DATA TO EXAMINE:

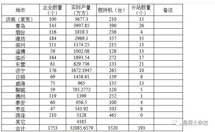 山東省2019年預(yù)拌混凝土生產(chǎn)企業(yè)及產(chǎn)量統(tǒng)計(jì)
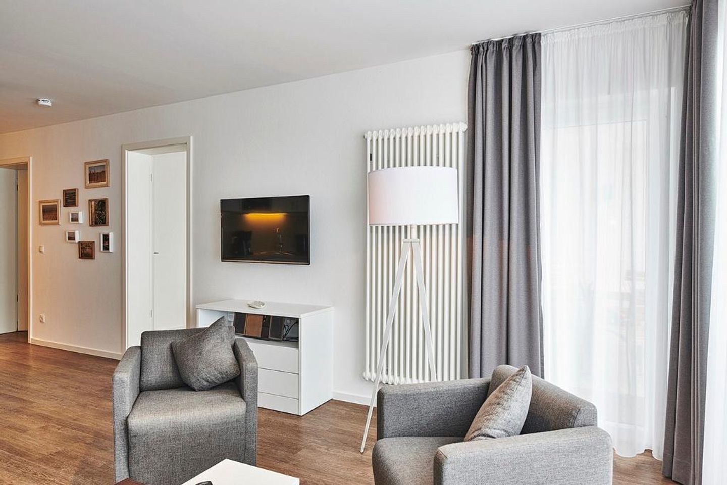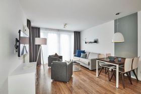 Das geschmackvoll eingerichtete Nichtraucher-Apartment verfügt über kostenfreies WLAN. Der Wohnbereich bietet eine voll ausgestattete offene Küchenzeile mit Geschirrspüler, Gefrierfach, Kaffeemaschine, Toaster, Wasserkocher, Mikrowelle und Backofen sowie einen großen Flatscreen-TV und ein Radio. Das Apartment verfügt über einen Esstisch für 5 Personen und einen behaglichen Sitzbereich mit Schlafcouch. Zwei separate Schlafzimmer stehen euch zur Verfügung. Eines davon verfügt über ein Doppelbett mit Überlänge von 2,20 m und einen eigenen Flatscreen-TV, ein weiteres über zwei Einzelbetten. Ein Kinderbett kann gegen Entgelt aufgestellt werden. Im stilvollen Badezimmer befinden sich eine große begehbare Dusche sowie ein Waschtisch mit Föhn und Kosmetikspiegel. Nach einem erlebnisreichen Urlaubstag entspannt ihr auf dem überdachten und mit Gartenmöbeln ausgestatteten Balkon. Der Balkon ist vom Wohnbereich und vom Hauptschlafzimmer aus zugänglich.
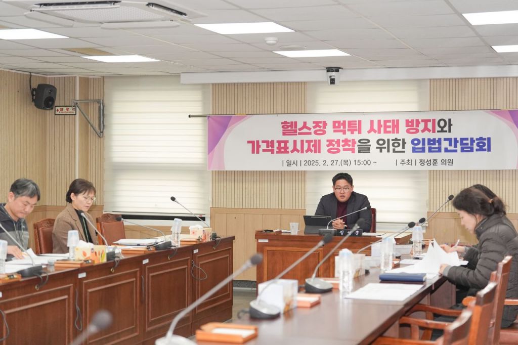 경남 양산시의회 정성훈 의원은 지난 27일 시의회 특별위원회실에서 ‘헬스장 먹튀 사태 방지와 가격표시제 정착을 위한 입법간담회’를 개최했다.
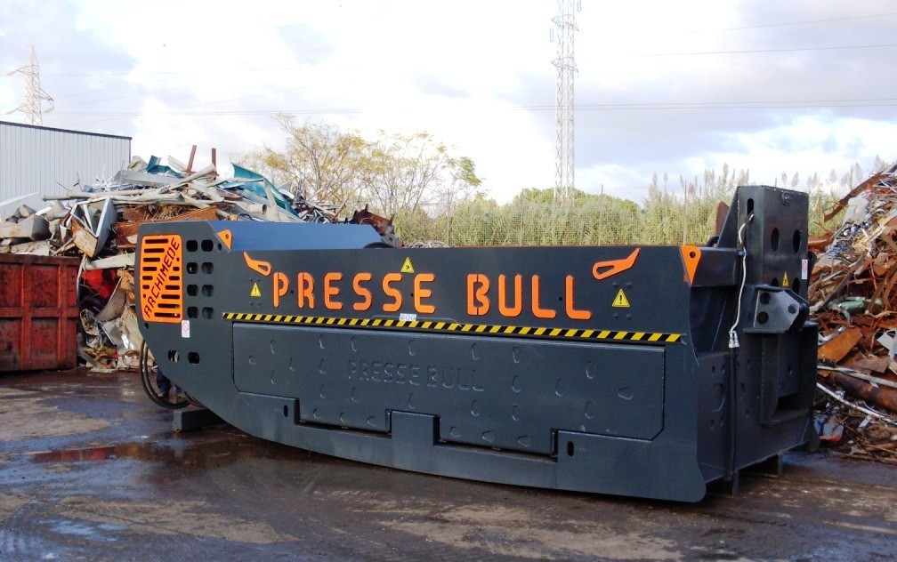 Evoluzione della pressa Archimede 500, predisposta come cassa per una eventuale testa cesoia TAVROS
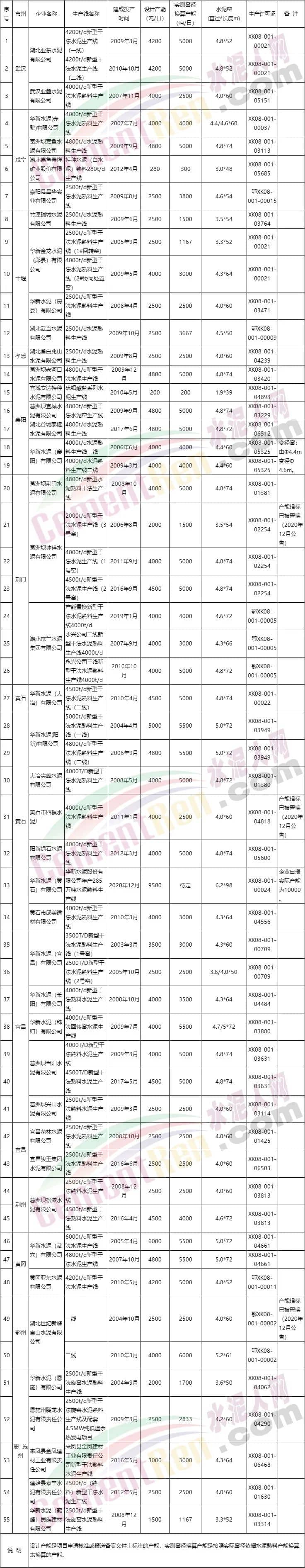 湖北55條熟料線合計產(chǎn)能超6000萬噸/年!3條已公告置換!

WORK TO BE COMPLETED: Restate the listing word for word and drop the pictures.

ANSWER AREA:
 山東省2019年預(yù)拌混凝土生產(chǎn)企業(yè)及產(chǎn)量統(tǒng)計(jì)
 Das geschmackvoll eingerichtete Nichtraucher-Apartment verfügt über kostenfreies WLAN. Der Wohnbereich bietet eine voll ausgestattete offene Küchenzeile mit Geschirrspüler, Gefrierfach, Kaffeemaschine, Toaster, Wasserkocher, Mikrowelle und Backofen sowie einen großen Flatscreen-TV und ein Radio. Das Apartment verfügt über einen Esstisch für 5 Personen und einen behaglichen Sitzbereich mit Schlafcouch. Zwei separate Schlafzimmer stehen euch zur Verfügung. Eines davon verfügt über ein Doppelbett mit Überlänge von 2,20 m und einen eigenen Flatscreen-TV, ein weiteres über zwei Einzelbetten. Ein Kinderbett kann gegen Entgelt aufgestellt werden. Im stilvollen Badezimmer befinden sich eine große begehbare Dusche sowie ein Waschtisch mit Föhn und Kosmetikspiegel. Nach einem erlebnisreichen Urlaubstag entspannt ihr auf dem überdachten und mit Gartenmöbeln ausgestatteten Balkon. Der Balkon ist vom Wohnbereich und vom Hauptschlafzimmer aus zugänglich.
 경남 양산시의회 정성훈 의원은 지난 27일 시의회 특별위원회실에서 ‘헬스장 먹튀 사태 방지와 가격표시제 정착을 위한 입법간담회’를 개최했다.
 Evoluzione della pressa Archimede 500, predisposta come cassa per una eventuale testa cesoia TAVROS
 湖北55條熟料線合計產(chǎn)能超6000萬噸/年!3條已公告置換!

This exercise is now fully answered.